1) Yellow card. When a player is shown the yellow card during a match (because he made something wrong, like a hard takle, or insulted someone, or he wasted time... anyway, something against the rules) nothing actually happens. But there COULD be consequences:
if he gets another yellow card in the same game, he gets a RED CARD and is suspended for that game plus the next one.
If nothing else happens instead, during that match, then he's called "diffidato", which means that: if during the next game he gets another yellow card, he can still play during that match (risking anyway a red card... see above), but he will miss the game after that.

So...

For instance:

Game 1: I get a Yellow card. ok

Game 2: I get another yellow card.

Game 3: I'm suspended and I can't play this match

Or

Game 1: I get a yellow card.

Game 2: nothing.

Game 3: I get a yellow card.

Game 4: I can't play because I'm suspended.

What am I after game 1? In Italian we say "sono diffidato".

Or

Game 1: I get a yellow card, then I get another yellow card. I get a RED card (1 Y.C. + 1 Y.C. make 1 RED CARD).

I hope it's clearer now.


----------



## TimLA

fer1975 said:


> I assume that soccer is not very popular in the United States
> The rule is "a player gets suspended when the referee books him twice"
> "a player get *diffidato *when the referee books him only once".


 


Azazel81 said:


> Eheh... sorry. I'll try to make it clearer:
> 
> The thing about the coach keeping out his player doesn't have anything to do with this... that's just a choice.
> 
> Here we're dealing with soccer rules.
> 
> 1) Yellow card. When a player is shown the yellow card during a match (because he made something wrong, like a hard takle, or insulted someone, or he wasted time... anyway, something against the rules) nothing actually happens.
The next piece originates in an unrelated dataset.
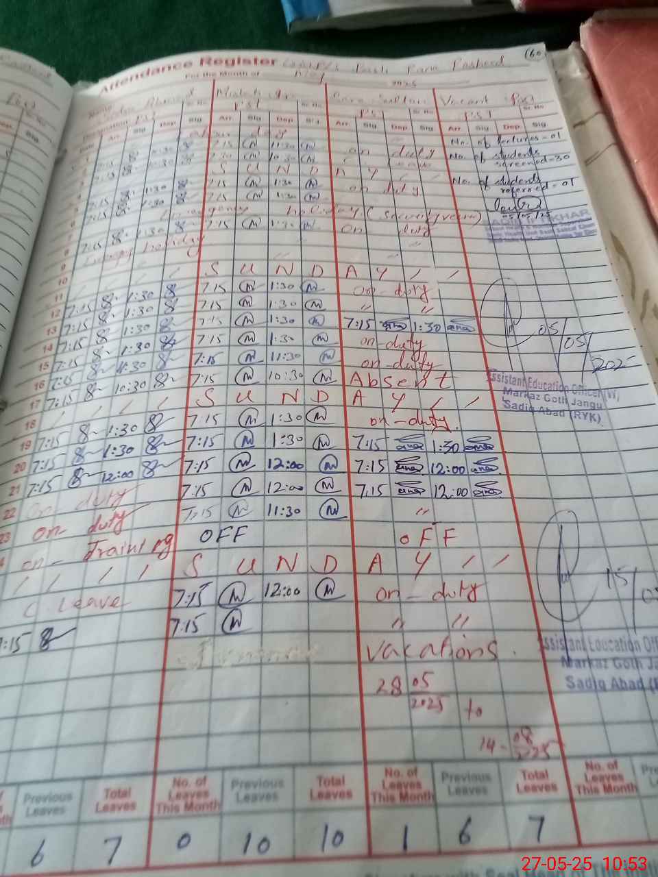 | 31**** | Sa**** Su**** | PST | Regular | 0 | 0 | 0 | 0 | 0 | 0 | 0 | 0 | 0 | Exam Duty |

But there COULD be consequences:
> if he gets another yellow card in the same game, he gets a RED CARD and is suspended for that game plus the next one.
> If nothing else happens instead, during that match, then he's called "diffidato", which means that: if during the next game he gets another yellow card, he can still play during that match (risking anyway a red card... see above), but he will miss the game after that.
> 
> So...
> 
> For instance:
> 
> Game 1: I get a Yellow card. ok
> Game 2: I get another yellow card.
> Game 3: I'm suspended and I can't play this match
> Yes, if you cannot play, because of rules, you are suspended (AE).
> 
> Or
> Game 1: I get a yellow card.
> Game 2: nothing.
> Game 3: I get a yellow card.
> Game 4: I can't play because I'm suspended.
> OK, also "suspended" because of rules.
> 
> What am I after game 1? In Italian we say "sono diffidato".
> If you can still play in game 2, then I'm not sure we have anything "fixed" to describe it.
> ...almost suspended...
> ...need to be careful...
> ...need to be nice in the next game...
> 
> 
> Or
> Game 1: I get a yellow card, then I get another yellow card. I get a RED card (1 Y.C. + 1 Y.C. make 1 RED CARD).
> 
> I hope it's clearer now.


 
I think this is a BE/AE thing, or something particular to the rules/linguistics of soccer.
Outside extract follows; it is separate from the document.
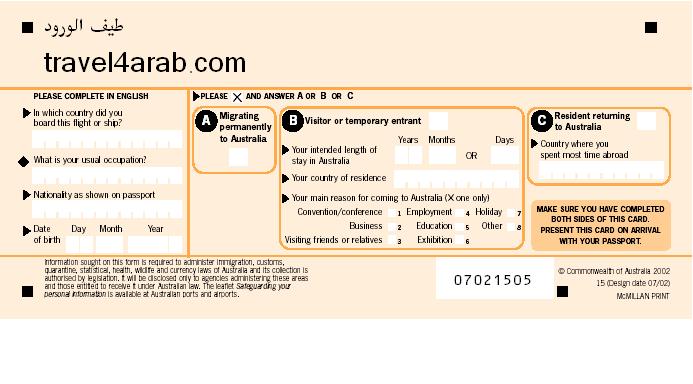 هذي صورة نموذج بطاقة الدخول لاستراليا بالانجليزي

Are there any AE soccer fans out there? (dead silence...)
Who's Beckham?


----------



## Azazel81

TimLA said:


> I think this is a BE/AE thing, or something particular to the rules/linguistics of soccer.
> 
> Are there any AE soccer fans out there? (dead silence...)
> Who's Beckham?


 
Weird.. and here I thought it was supposed to be the other way around... eheh... Aren't you from L.A.?  Beckham... L.A. Galaxy... TimLA... L.A. 
Ring any bells? 

Ok, kidding aside... Sadly I'm not such an expert on American Soccer... Being 6.000 miles away is kind of a big deal. 

It definitely has to do with rules/linguistic of soccer.
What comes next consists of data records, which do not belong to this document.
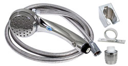 Single function Airfusion shower head will use 20% less of your precious water supply wile providing a high pressure spray. Kits include hose guide, 3 position shower bracket, and 60" hose. Chrome and clear kits include a stainless steel hose, white and brushed nickel kits include matching vinyl hoses.
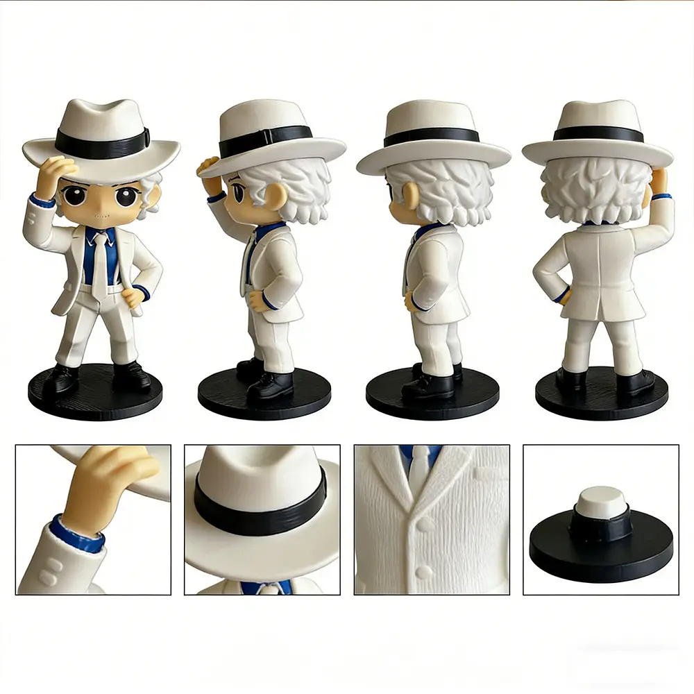 MJ Moonwalk Figurine Desktop Ornament - Collectible Figure with Hat and Suit
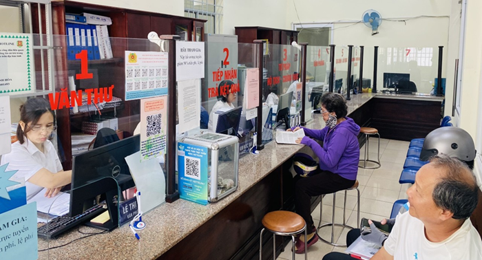 Ảnh: Tại Bộ phận một cửa tiếp nhận và giải quyết hồ sơ
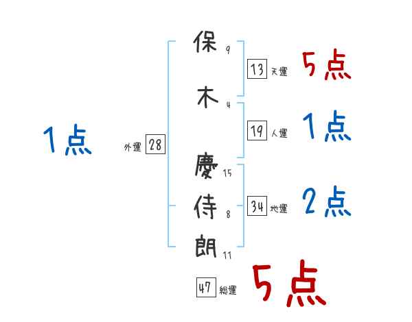 外運![]() | 保木慶侍朗さんの外運は28画の1つ星!家庭環境に注意。スポーツで活躍できる能力があるかも。 生活面を象徴する運勢です。外部から受ける影響力を表し、結婚運、家庭運や職場、環境への順応性を表します。 |

Any British soccer fans here? Time to wake up...


----------



## TimLA

Los Angeles? Where's that?
This is the only galaxy I know.

Just to prolong the pain of our European friends who actually like soccer ))
I've found some rules for North American Soccer.
HERE they talk about "yellow card" being a caution (warning) and a "red card" being an "ejection".

HERE are the Major League Soccer rules (North America).
They talk about a "yellow card" being a "caution".
They talk about a "red card" being a "sending off" offense (apparently they must leave the entire field - "go to the locker room").

So there may be different rules between our two continents.

Hmmm...perhaps some day I'll actually go see a soccer game...


----------



## Azazel81

I don't think there's a difference in the rules since it's the FIFA which sets the rules across the world.

As for the rules you posted, yes a yellow card is LIKE a warning... is like saying "one more and you're off the field". A Red Card instead means "go out of the field" and you get automatically suspended for at least 1 game.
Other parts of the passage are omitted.